When I was very young, I ran away from home. A lot. But not just to the backyard or neighbor's porch, I ran to the Mcilmoyle’s house a long way down a footpath through some cottages, fields, more cottages, and finally, a wheatfield. My hair was wheat-color, nature’s perfect camouflage for a four-year-old who wants to run away. 


My Canadian “mum” would see movement in the field and eventually, she made out the tiny little figure that was me. By now, this had happened several times before. She asked me if my parents knew where I was, and I lied and said yes.


Her place felt more like home to me than the cold cottage with my family. Apparently, I delighted these grown-ups with my baby antics, including dancing and pretend-singing, but until recently, I never quite understood what would draw a little girl so far away just to dance and swing her arms in someone’s side yard. 


Adults often say that children, “just want attention” which is the slop bucket phrase for all things adults don’t understand. Babies need the delight in the caretaker's eyes that mirrors back to them their lovability. It's the delight that coaxes and softens our stoic adult nervous systems into cooing, babbling, and making faces. 


Children also need full-on engagement, eye-to-eye gazing with signs of endearment. That’s how we learn to attune. Like musicians warming up backstage, there’s a strumming of instruments and rhythms that will eventually coalesce into harmony. Pitch and catch is the back-and-forth sway of human signals. As silly as it sounds, simple things like echoing a child’s words or mirroring a child's expression are the great tuning forks of brain and love development. Rhythm and rhyme.
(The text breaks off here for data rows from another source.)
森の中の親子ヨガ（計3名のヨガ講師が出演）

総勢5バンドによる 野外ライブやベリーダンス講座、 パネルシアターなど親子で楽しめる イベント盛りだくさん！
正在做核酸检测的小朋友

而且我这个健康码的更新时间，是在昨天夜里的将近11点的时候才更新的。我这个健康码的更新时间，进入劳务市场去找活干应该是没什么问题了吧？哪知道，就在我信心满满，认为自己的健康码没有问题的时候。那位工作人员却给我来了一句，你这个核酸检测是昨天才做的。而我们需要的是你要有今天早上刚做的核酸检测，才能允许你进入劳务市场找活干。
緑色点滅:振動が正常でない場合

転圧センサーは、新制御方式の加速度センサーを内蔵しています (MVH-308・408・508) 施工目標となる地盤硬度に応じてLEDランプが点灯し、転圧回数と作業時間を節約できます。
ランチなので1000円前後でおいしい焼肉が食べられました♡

And all of that (attunement, delight, and rhythm) is the warmup to the big symphony of Belonging, the survival code of our species. It is overlooked and under-represented in many circles, including therapy, but in belonging sits the very core of us hiding in plain sight. Humans have all kinds of radar to detect if we belong or not: Do people approve of us? Are we acceptable? Outside of our awareness, we constantly calibrate our place in a group to see if we are safe, in or out, or liked by our peers. Was I too loud or demanding? Our culture faults us for traits like people-pleasing and looking for approval (which, to be clear, can be debilitating), however, part of our very survival depends on fitting into the tribe and belonging. Our social radar is finely tuned because for half a million years of human evolution, not belonging meant we might get scraps of food instead of a leg bone or our babies might starve in the next drought. Belonging is nothing to sneeze at. 
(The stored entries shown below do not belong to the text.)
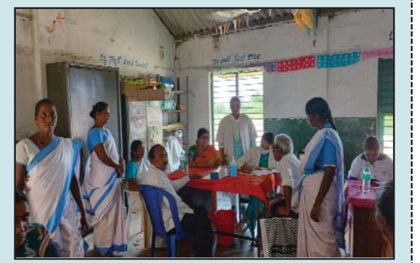
(షణ్ముఖ వెలుగు, దొరవారి సత్రం, అక్టోబర్ 4)

తిరుపతి జిల్లా దొరవారి సత్రం మండలం మిజారు గ్రామ సచివాలయం పరిధిలో స్విమ్ స్త్రీ బాలాజీ టిఎస్ డివై అఫ్ ఆంకాలజీ ఆధ్వర్యంలో శుక్రవారం తోగరాముడి పిహెచ్ఎస్ పరిధిలోని మిజారు గ్రామంలో సచివాలయం దగ్గర నిర్వహించిన ఉచిత క్యాన్సర్ స్క్రీనింగ్ కార్యక్రమానికి విశేష స్పందన లభించింది.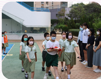
▲將軍澳校舍，升旗隊同學手捧國旗齊步出場，準備升旗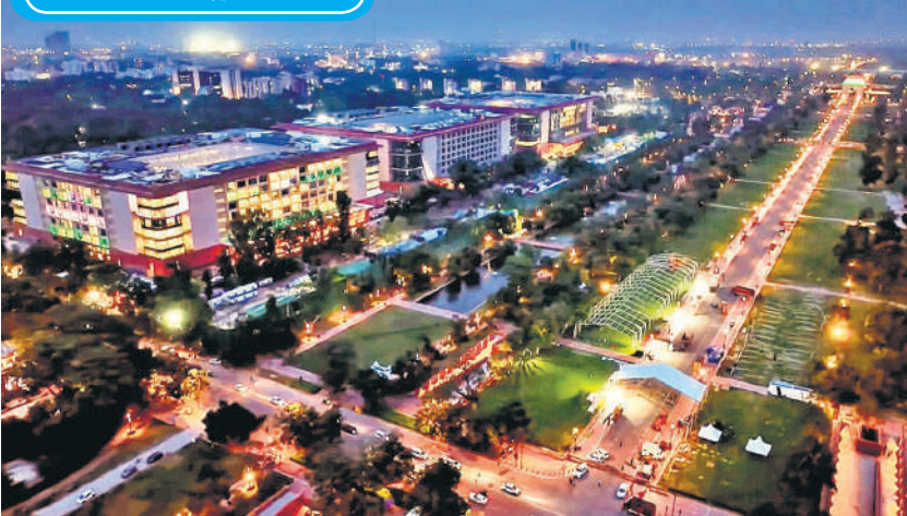
प्रधानमंत्री नरेंद्र मोदी ने बुधवार को नई दिल्ली में नवनिर्मित कर्तव्य भवन का उद्घाटन किया। इस दौरान उनकी उपस्थिति में आयोजित एक सार्वजनिक कार्यक्रम के दौरान कर्तव्य पथ को प्रकाशित किया गया।

मॉस्को। रूसी राष्ट्रपति कार्यालय क्रेमलिन ने बुधवार को कहा कि अमेरिकी राष्ट्रपति डोनाल्ड ट्रंप के विशेष दूत स्टीव वित्कोफ रूस के राष्ट्रपति व्लादिमीर पुतिन से यहां मुलाकात की है। यह बैठक क्वाइट हाउस की ओर से रूस को यूक्रेन के साथ शांति समझौता करने के लिए दी गई समय सीमा से कुछ दिन पहले हुई। अमेरिका ने चेतावनी दी है कि शांति समझौता नहीं करने पर रूस को गंभीर आर्थिक दंड का सामना करना पड़ सकता है, जिससे रूस से तेल खरीदने वाले देश भी प्रभावित हो सकते हैं। रूस के लिए ट्रंप की समय सीमा शुष्कवायु को समाप्त होगी। ट्रंप ने यूक्रेन के नागरिक क्षेत्रों पर रूस के बढ़ते हमलों पर पुतिन के प्रति निराशा व्यक्त की है।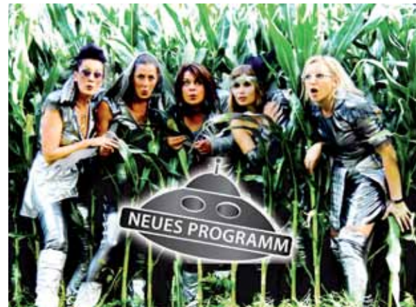
Die NeoBrennDirndl sind auch heuer wieder in Loosdorf zu Gast.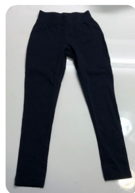
PANTALÓ DE XANDALL SENSE GOMES ALS BAIXOS 10 €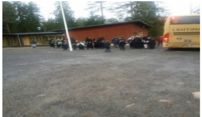
Tyttöjen leiri 23.-25.12.2016

Keräsimme palautetta leiriläisiltä sekä ohjaajilta. Leiriläisten palautteesta kävi ilmi, että tytöt kaipaavat vain tytöille suunnattua toimintaa, missä he voivat rauhassa miettiä tyttöyteen ja naiseksi kasvamiseen liittyviä asioita.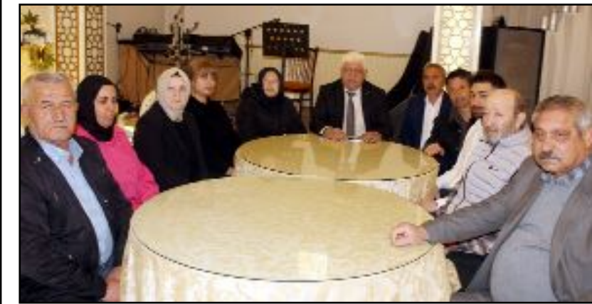
Huzur Partisi Çorum İl Teşkilatı tarafından Afra Düğün Salonu'nda basın toplantısı düzenlendi.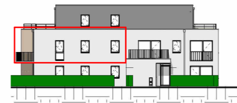
Façade Est - 1/400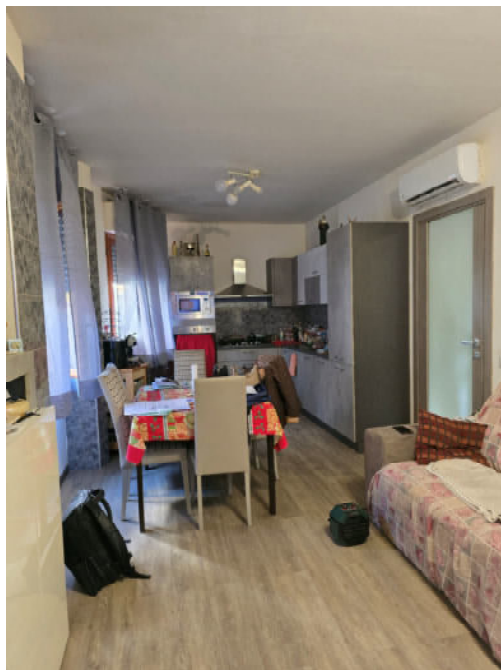
07 – PRANZO E ANGOLO COTTURA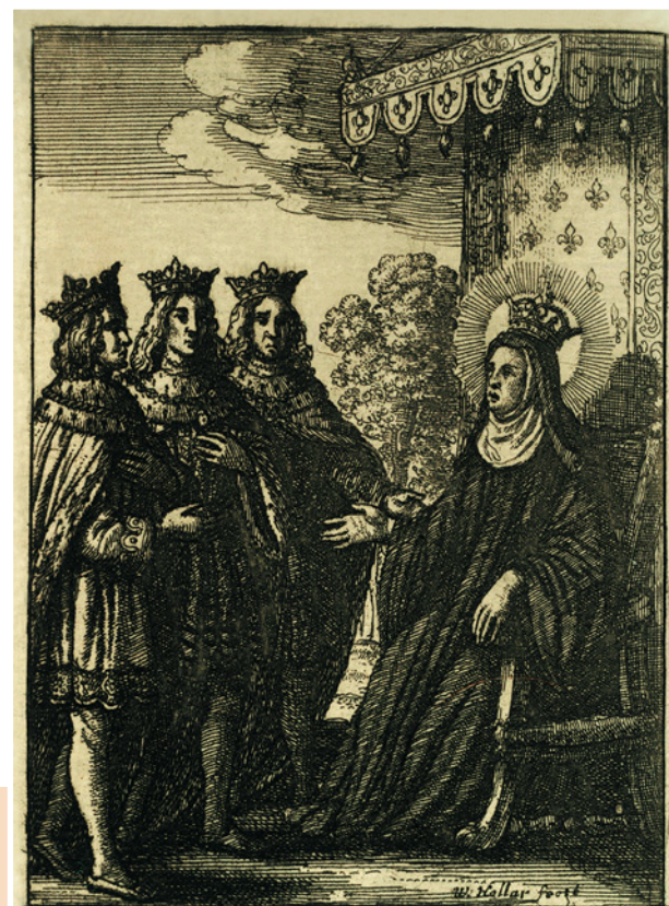
Королева Батильда и ее сыновья Хлотарь, Хильдерик и Теодорих. Гравюра Вацлава Холлара. XVII в. Библиотека редких книг Томаса Фишера, Торонто, Канада.

В 1880 году на суд посетителей Парижского салона, одной из самых престижных художественных выставок Франции, была представлена картина «Сыновья Хлодвиги II». Ее автор, французский живописец-жанрист Эварист Виталь Люмине красками поведал трагическую историю двух сыновей средневекового короля Нейстрии и Бургундии. За то, что они восстали против отца, пока тот находился в крестовом походе, юношам, по велению матери, королевы Батильды, подрезали сухожилия, чтобы они не могли двигаться, и, положив на плот, отправили по Сене, предоставив их жизнь на волю Божью. Люмине был хорошо известен своей приверженностью к точности в изложении сюжетов из жизни средневековой Франции, и реальность истории, положенной в основу полотна, казалось, не вызвала сомнения. А меж тем, ни у одного из историков, прежних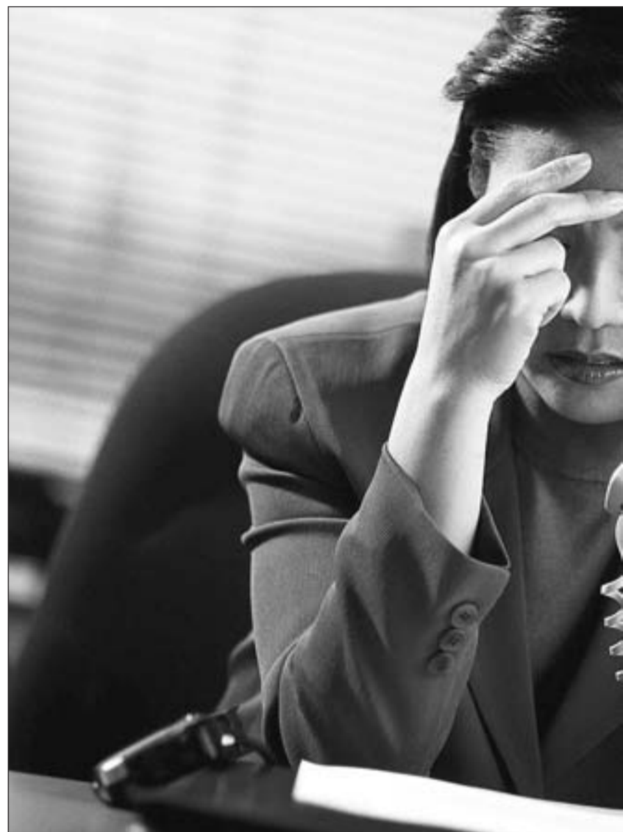
Las horas extra pueden pasar factura a la salud a medio y largo plazo

Sin embargo, los científicos dijeron que los grandes trabaja-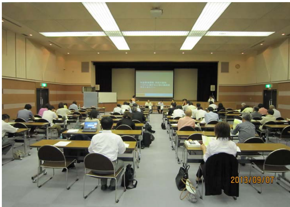
「パネルディスカッションの様子①」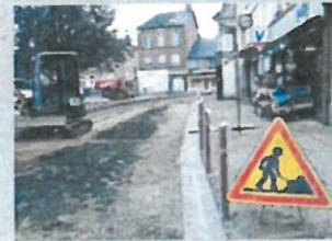
En cours de travaux.

Once I began to understand the significance of belonging, I understood that maybe I was hungry for it, and my wise little body knew where to find it. As I write this now, I can still feel the summer sun warming my tiny bones. I can feel the dirt driveway under my feet, and see Uncle Lorne’s adoring, toothless smile shining on me. My as-if family did the same thing every time. They gathered and clapped to the imaginary beat of Chubby Checker’s “The Twist” while I danced for a penny. I ran away from home to find a warm spot in the cadence of a clan. 
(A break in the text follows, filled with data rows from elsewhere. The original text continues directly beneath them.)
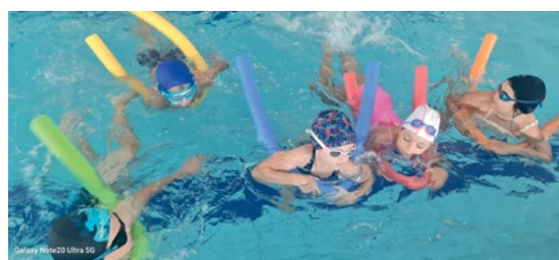
Kreatywne półkolonie

Wszystkie grupy uczestniczyły w spotkaniu o tematyce podróżniczo-muzycznej „W rytmie Ziemi”. Nasi koloniści interaktywnie zapoznali się z instrumentami oraz wzięli udział w rytmicznych animacjach i poznali tradycyjny afrykański rytm Djole. Przy okazji warsztatów dzieci uczyły się podstaw rytmiki i techniki gry na bębnach. Oprócz treści muzycznej pojawiały się opowieści o różnych kontynentach, z których to prowadzący posiada zbiór rozmaitych, ciekawych i egzotycznych instrumentów.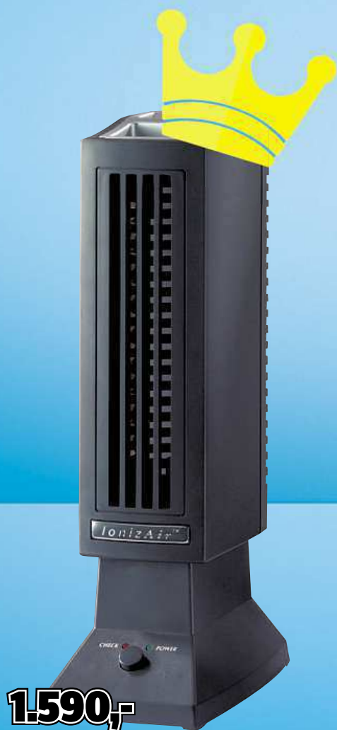
Ionizátor vzduchu P3 International IonizAir, P4620, 1,5 W

Nejprodávanější výrobky za výprodejové ceny!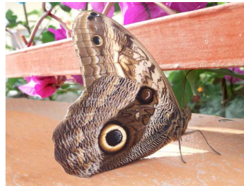
31 Caligo telamonius (Mariposa Búho) Papilionoidea - Nymphalidae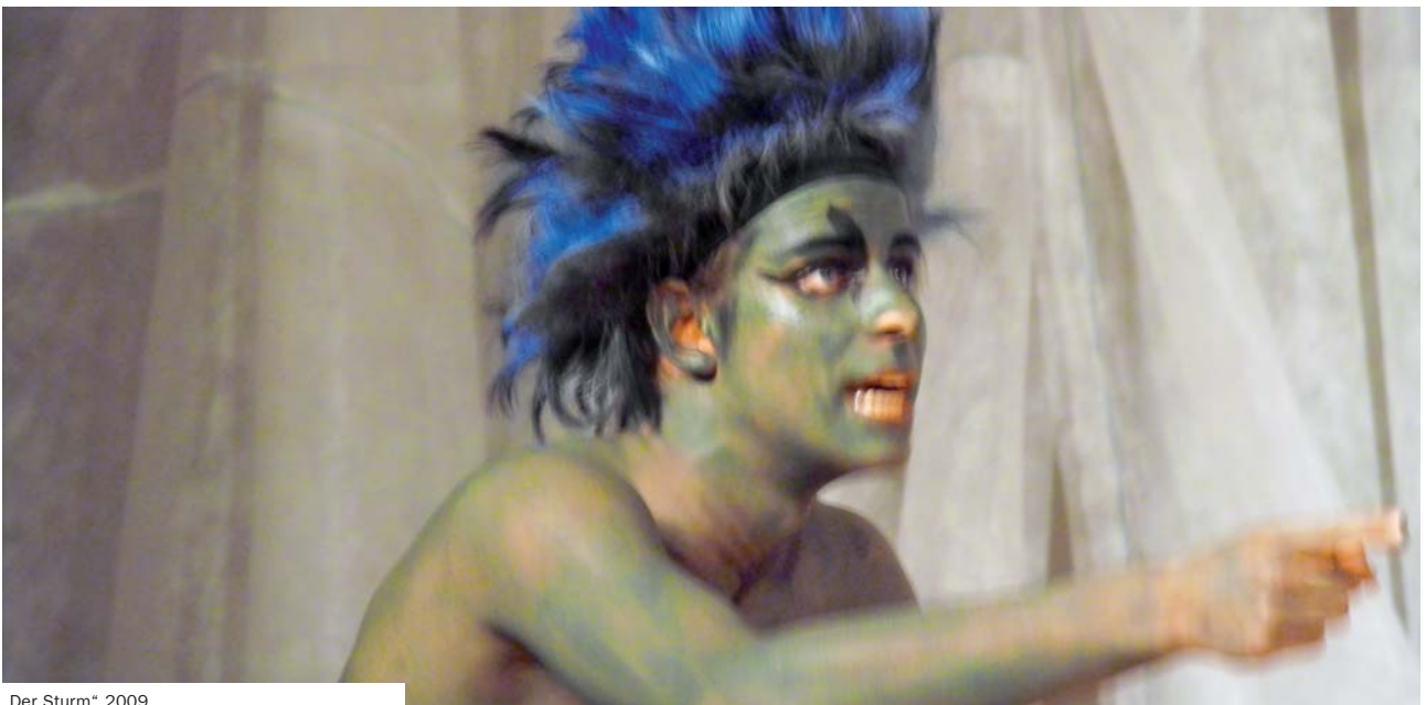
„Der Sturm“ 2009

Once I understood this, a second memory came to the surface, a memory of being invited to stay for dinner. I was the little one at the table with five older children, my Canadian “mum” and “Uncle Jim”. I don’t remember what we ate except that dinner included peas— Peas were out of the question.  


Except there because when everyone is swapping plates, passing salt, sharing food, and telling tales, peas taste different. That’s when I knew this was never about “wanting attention,” or being a bratty kid. This was a little girl hungry with a deep longing that never had a name; seeking a seat at a dinner table that hums with story and belonging. If my would-be siblings were eating peas, then I wanted peas, too. That’s what we do here: We eat peas.